▶ **Exercise objective**: Please transcribe the data that follows exactly as given, leaving out every picture.

---------- Task material

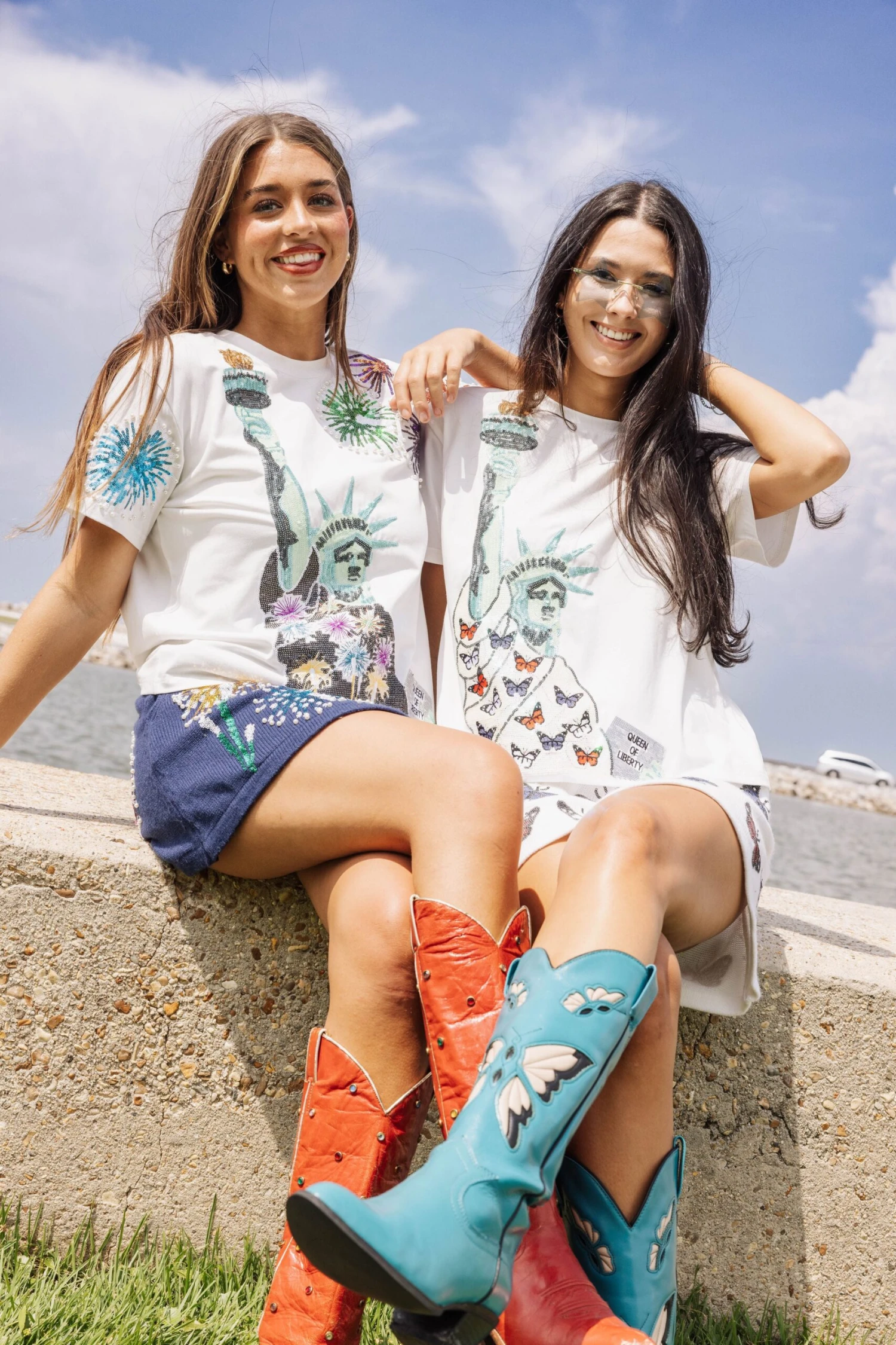 Queen Of Sparkles White Firework Lady Liberty Tee
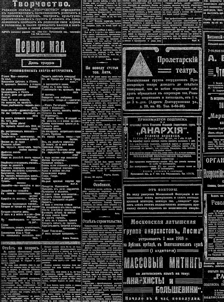 С этого момента начинается недолгая, но чрезвычайно насыщенная история русского анархо-авангардизма.
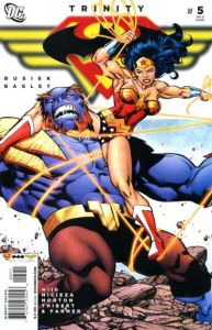 The action is good, as drawn by Mark Bagley and Art Thibert, but the characterisation? Good grief, writer Kurt Busiek surprises with surprisingly bad moments for Wondy and Supes. First of all Superman becomes a bit jealous that Diana may get to end the battle against Konvikt, then Wonder Woman gets all flirtatious about whether or not Batman and Superman will tell her to get some cuts checked out, in case she feels patronised. A stupid moment followed by a tremendously stupid moment – Busiek has been writing these characters on and off for decades, so where is this coming from? Is he trying too hard to compare and contrast personalities?
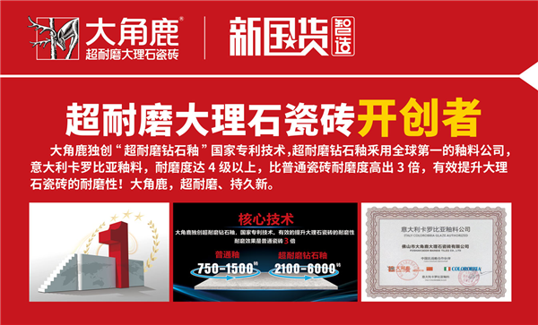 大角鹿,独创“超耐磨钻石釉”国家专利技术,超耐磨钻石釉采用全球第一的釉料公司,意大利卡罗比亚釉料,耐磨度达4级以上,比普通瓷砖耐磨度高出3倍。截止11月6日,2020年天9国际手机版登录 已成功新开拓373家专卖店,全国1057家专卖店
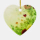 Flowers are on the front and more flowers are on the back of a heart-shaped ceramic Valentine tree ornament.

--------------------

▶ **Response**:
 Queen Of Sparkles White Firework Lady Liberty Tee
 С этого момента начинается недолгая, но чрезвычайно насыщенная история русского анархо-авангардизма.
 The action is good, as drawn by Mark Bagley and Art Thibert, but the characterisation? Good grief, writer Kurt Busiek surprises with surprisingly bad moments for Wondy and Supes. First of all Superman becomes a bit jealous that Diana may get to end the battle against Konvikt, then Wonder Woman gets all flirtatious about whether or not Batman and Superman will tell her to get some cuts checked out, in case she feels patronised. A stupid moment followed by a tremendously stupid moment – Busiek has been writing these characters on and off for decades, so where is this coming from? Is he trying too hard to compare and contrast personalities?
 大角鹿,独创“超耐磨钻石釉”国家专利技术,超耐磨钻石釉采用全球第一的釉料公司,意大利卡罗比亚釉料,耐磨度达4级以上,比普通瓷砖耐磨度高出3倍。截止11月6日,2020年天9国际手机版登录 已成功新开拓373家专卖店,全国1057家专卖店
 Flowers are on the front and more flowers are on the back of a heart-shaped ceramic Valentine tree ornament.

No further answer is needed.